SUPPLIED ENTRIES:
== Segment start ==

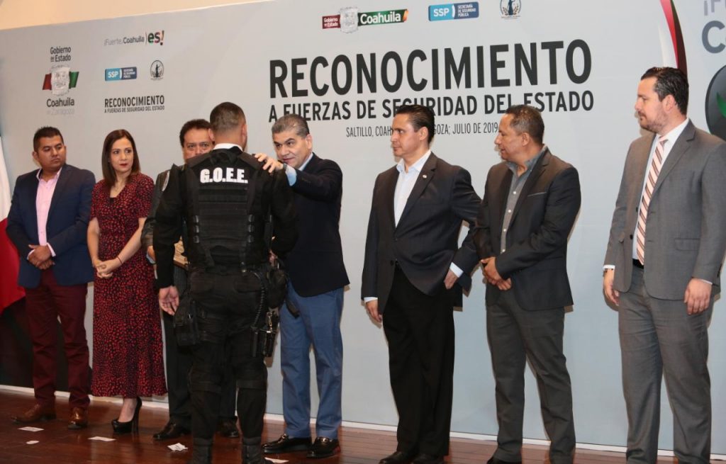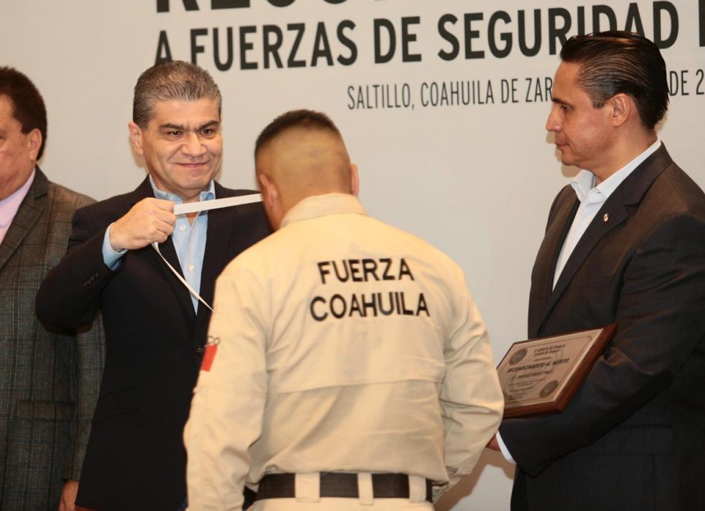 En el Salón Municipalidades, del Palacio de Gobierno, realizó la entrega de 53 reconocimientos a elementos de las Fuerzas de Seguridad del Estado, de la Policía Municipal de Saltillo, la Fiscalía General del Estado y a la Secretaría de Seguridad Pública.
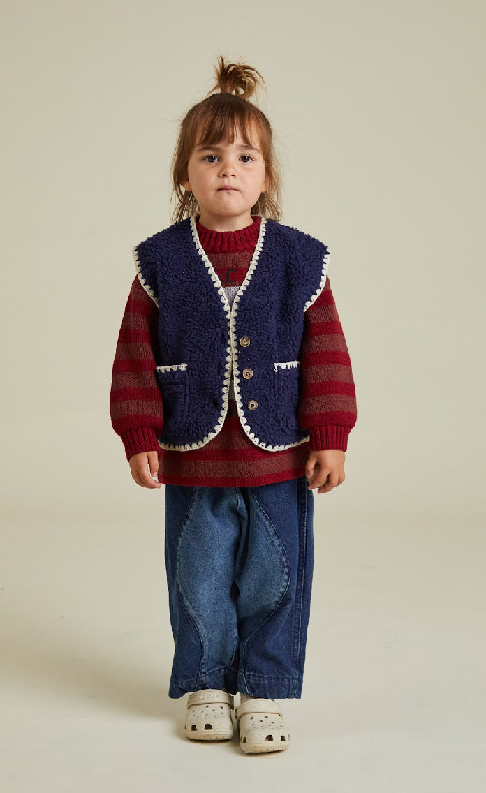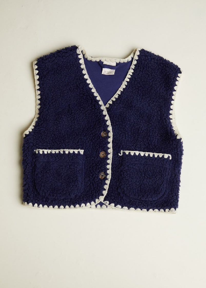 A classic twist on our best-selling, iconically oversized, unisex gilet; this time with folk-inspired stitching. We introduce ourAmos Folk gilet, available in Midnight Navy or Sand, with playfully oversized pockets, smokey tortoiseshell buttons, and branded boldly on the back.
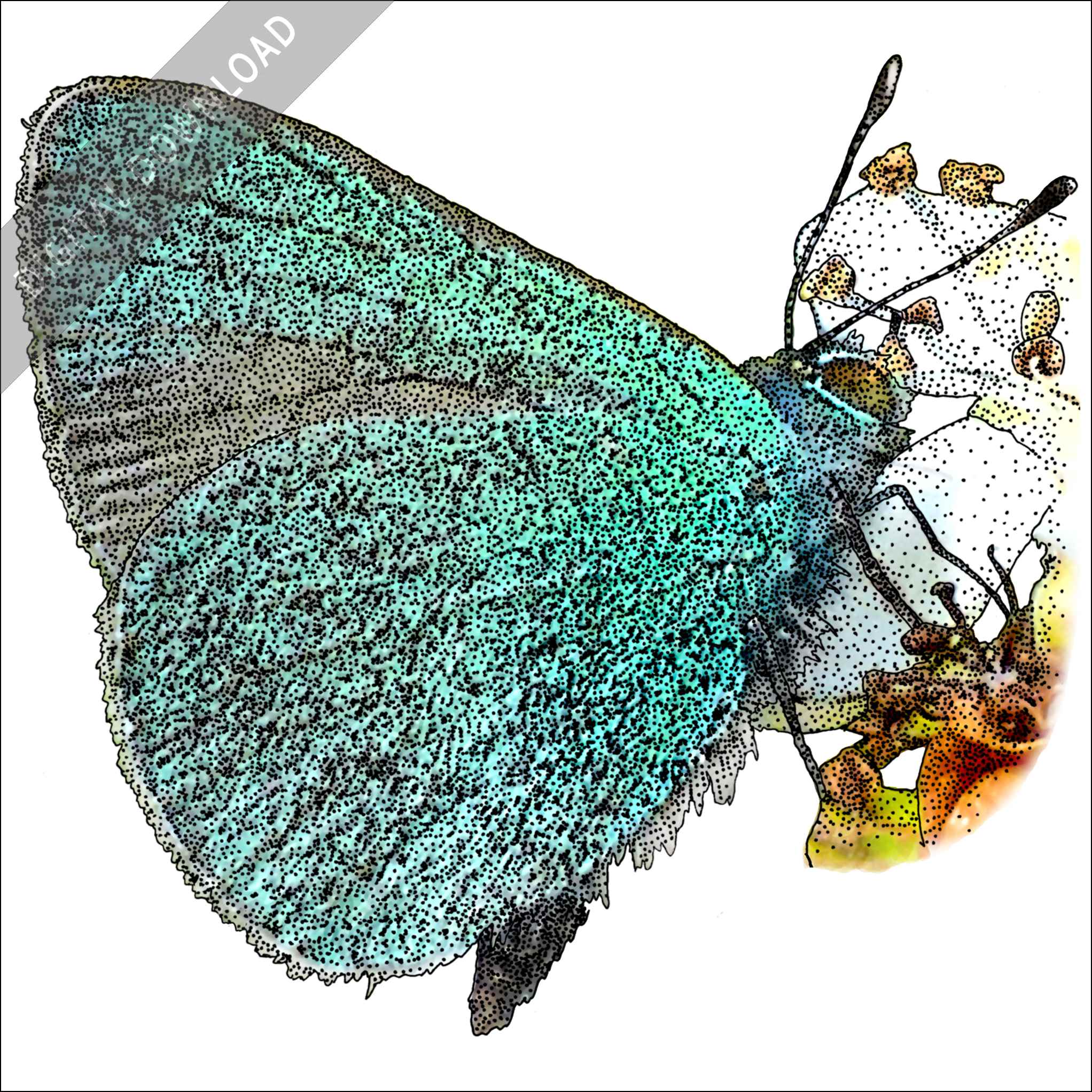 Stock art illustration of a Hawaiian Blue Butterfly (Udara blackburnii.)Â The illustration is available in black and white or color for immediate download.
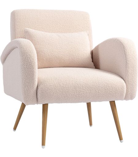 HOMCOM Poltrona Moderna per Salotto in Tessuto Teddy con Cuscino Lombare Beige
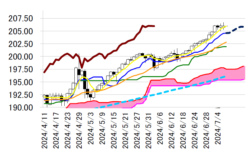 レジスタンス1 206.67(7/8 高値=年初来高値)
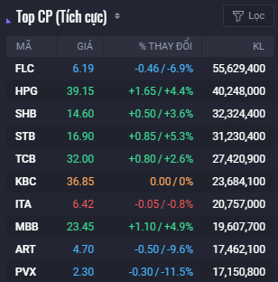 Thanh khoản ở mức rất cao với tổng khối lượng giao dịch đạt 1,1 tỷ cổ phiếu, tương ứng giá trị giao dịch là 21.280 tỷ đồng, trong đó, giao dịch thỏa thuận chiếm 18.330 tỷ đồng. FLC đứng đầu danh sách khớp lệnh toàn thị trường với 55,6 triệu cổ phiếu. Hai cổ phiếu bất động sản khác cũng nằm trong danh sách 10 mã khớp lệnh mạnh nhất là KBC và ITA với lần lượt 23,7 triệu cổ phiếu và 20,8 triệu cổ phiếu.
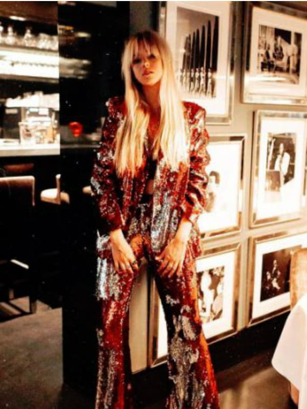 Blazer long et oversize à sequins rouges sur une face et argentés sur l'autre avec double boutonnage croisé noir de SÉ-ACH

== Segment end ==

After dropping the pictures, please set down the lines from the beginning of the listing through the line containing "A classic twist", both included, exactly as they stand.

WRITTEN ANSWER:
 En el Salón Municipalidades, del Palacio de Gobierno, realizó la entrega de 53 reconocimientos a elementos de las Fuerzas de Seguridad del Estado, de la Policía Municipal de Saltillo, la Fiscalía General del Estado y a la Secretaría de Seguridad Pública.
 A classic twist on our best-selling, iconically oversized, unisex gilet; this time with folk-inspired stitching. We introduce ourAmos Folk gilet, available in Midnight Navy or Sand, with playfully oversized pockets, smokey tortoiseshell buttons, and branded boldly on the back.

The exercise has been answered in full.